Any image found in the entries is to be skipped; the rest is returned word for word.
%%
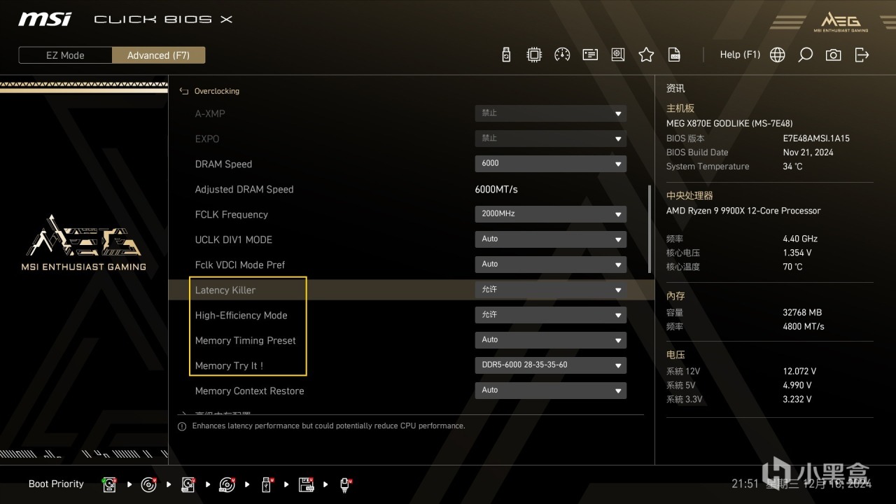 搭配Latency Killer、High-Efficiency、Memory Timing Preset等功能,可大幅降低延时并提升内存的运行效率。
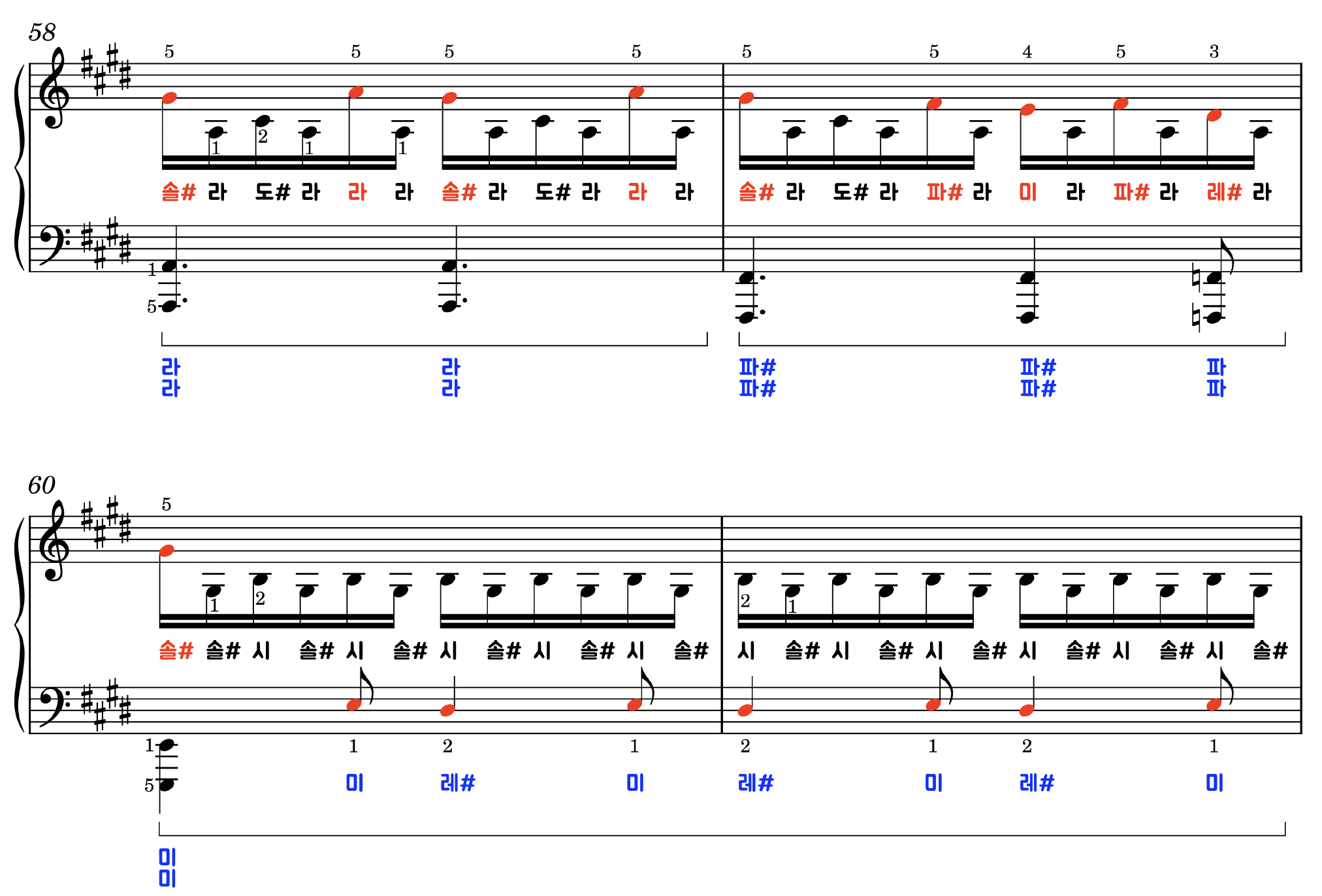 - 계이름, 손번호, 페달이 적혀있는 악보이며
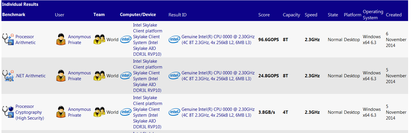 The database SiSoft Sandra Benchmarks revealed processors Intel Skylake.  We are interested in the figures gathered under two categories:
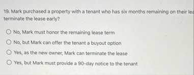 Mark purchased a property with a tenant who has six months remaining on their lea terminate the lease early?
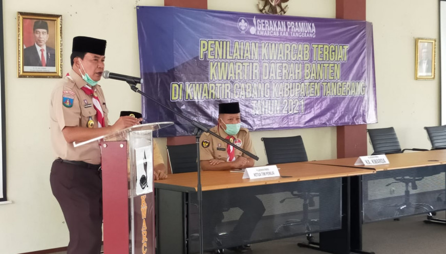 Kwartir Cabang (Kwarcab) Gerakan Pramuka Kabupaten Tangerang menerima kunjungan tim penilai Kwarcab Tergiat dari Kwartir Daerah (Kwarda) Banten, Rabu (03/02/2021).
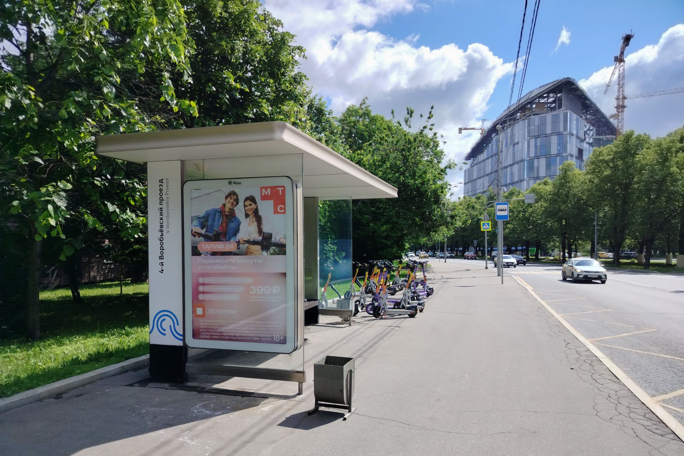 Косыгина ул., четная сторона, 350 м до Х с проспектом Вернадского - ост. "4-й Воробьевский проезд"
%%
**Task result:**
 搭配Latency Killer、High-Efficiency、Memory Timing Preset等功能,可大幅降低延时并提升内存的运行效率。
 - 계이름, 손번호, 페달이 적혀있는 악보이며
 The database SiSoft Sandra Benchmarks revealed processors Intel Skylake.  We are interested in the figures gathered under two categories:
 Mark purchased a property with a tenant who has six months remaining on their lea terminate the lease early?
 Kwartir Cabang (Kwarcab) Gerakan Pramuka Kabupaten Tangerang menerima kunjungan tim penilai Kwarcab Tergiat dari Kwartir Daerah (Kwarda) Banten, Rabu (03/02/2021).
 Косыгина ул., четная сторона, 350 м до Х с проспектом Вернадского - ост. "4-й Воробьевский проезд"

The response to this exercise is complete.